A custom mini-DSL (not eval()). Accepts:

output.contains('text') — substring match on the iteration’s output
variable == 'value' / variable != 'value' — equality / inequality
variable == true / == false — boolean coercion of bare literals
Dotted keys for nested access: scratch.socratic.ready == true

Unrecognised expressions return false (safe default — the loop runs until max_iterations).

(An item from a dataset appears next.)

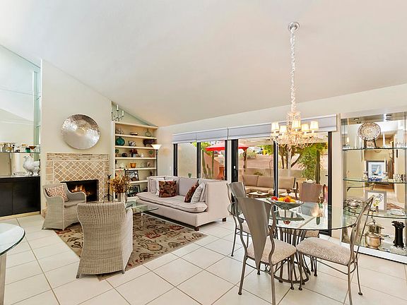 THIS SPACIOUS TWO BEDROOM, TWO BATH CONDO WITH THREE LOVELY PATIOS HAS A QUIET AND PRIVATE LOCATION WITHIN THE COMPLEX. THE OPEN PLAN LIVING/DINING ROOM HAS A FIREPLACE AND VAULTED CEILING WITH CLERESTORY WINDOWS PROVIDING LOTS OF NATURAL LIGHT. TWO SETS OF SLIDERS CREATE A WALL OF GLASS THAT OPEN TO A COVERED PATIO. THE KITCHEN IS OPEN TO AN EATING AREA WITH SLIDERS THAT OPEN TO ANOTHER COVERED PATIO. MASTER BEDROOM WITH A WALK-IN CLOSET AND EN SUITE BATH WITH DOUBLE SINKS HAS SLIDERS OPENING ON TO A PRIVATE WALLED PATIO. INSIDE LAUNDRY AND A DIRECT-ACCESS TWO-CAR GARAGE WITH LOADS OF STORAGE MAKE THIS HOME COMPLETE. KINGS POINT OFFERS COMMUNITY POOLS, SPAS AND TENNIS COURTS. KINGS POINT IS MINUTES AWAY FROM THE LUXURY RETAILERS, FINE RESTAURANTS AND ART GALLERIES OF EL PASEO AND THE SHOPPING, RESTAURANTS AND MOVIE THEATERS OF THE WESTFIELD MALL IN PALM DESERT AND THE RIVER SHOPPING MALL IN RANCHO MIRAGE.

until_bash is the alternative: a shell command whose exit code (0 → stop) drives the loop. It runs inside the sandbox (via executeCommand with writeSession: false) against the persisted workspace — not on the harness host. {{}} markers in the command are rejected before execution to prevent template-after-render injection (validateShellCommand).

Invariants

The runner is workflow-agnostic. It learns about a workflow by loading YAML; it has no per-workflow branches. Any change to “what happens” is a YAML change, not a code change.
Completed phases never re-run. shouldRunPhase() is checked at the top of every phase entry; resume relies on it.
Idempotency is per-(workflow_run_id, phase_name). Not per-phase globally. Two runs of the same workflow on the same issue are independent.
output_var aliases are unprotected. Two phases writing to overlapping output_vars will clobber each other silently. Convention: use distinct, descriptive aliases.
DAG concurrency uses phase-scoped taskIds; loops reuse parent. This asymmetry is intentional and load-bearing.
Scratch points at outputs; doesn’t inline them. A phase output of any size lives in executions.output_text. Scratch stores the row id.
Approval gates are positive enable. A gate name not in APPROVAL_GATES is silently disabled — the phase proceeds. There is no enable-all shortcut.
The verdict marker is exact. ^\s*VERDICT:\s*(APPROVED|REQUEST_CHANGES) on the first matching line of reviewer output. Variant phrasing (“looks good”, “approved!”) is not recognised; reviewer prompts are written to produce the literal marker.
Restart-count is the circuit breaker. Three failed resumes and the run is failed permanently. Resist the urge to raise the limit without thinking about what’s actually crashing.

Current implementation

Piece	File
Public entry	`src/workflows/simple.ts`
Linear executor	`src/workflows/runner.ts:457–1033`
DAG executor	`src/workflows/runner.ts:1092–1486`
YAML schema (Zod)	`src/workflows/schema.ts`
YAML loader + caching	`src/workflows/loader.ts`
DAG graph utilities	`src/workflows/dag.ts`
Until-condition evaluator	`src/workflows/loop-eval.ts`
Template engine	`src/workflows/templates.ts`
Resume + orphan recovery	`src/workflows/resume.ts`
Concurrency cap + admission	`src/workflows/admission.ts` (cap enforced in `simple.ts`)

Rebuild notes

Schema first, executor second. Defining the YAML schema cleanly (in TypeScript, Go, whatever) is what makes the runner’s behaviour predictable. Don’t let optional fields with implicit defaults proliferate — every default is a future surprise.
Linear is the default; DAG is the special case. Most workflows don’t need a graph. Adding depends_on to a phase should be a deliberate choice that opts in to the concurrency cost.
Persist resume state, not in-flight state. The runner stores where it is (current phase, scratch, restart count) — not the conversation buffer or the sandbox process. Those are reconstructed from disk + DB on resume.
A single state store, not two. Both SQLite (resume substrate) and the JSONL event logs (event stream) are needed — see State — but the runner only talks to the resume store. Mixing them creates ordering bugs.
Approval gates as data, not code. Whether a gate fires depends on configuration, not on whether the phase exists. A re-implementation that hard-codes which gates are enabled is denying operators a knob they need.
Restart-count circuit breaker is non-optional. Crash loops are a certainty; if the runner re-enters an OOMing phase forever, it will eventually deplete the database with stale executions and consume every cent of the LLM bill. Pick a number, default to it, surface the count in the dashboard.
The verdict marker is an interface. It’s the contract between prompts and code — both sides know exactly what to produce and look for. Other parse markers (READY, BLOCKED) follow the same pattern. Make them exact.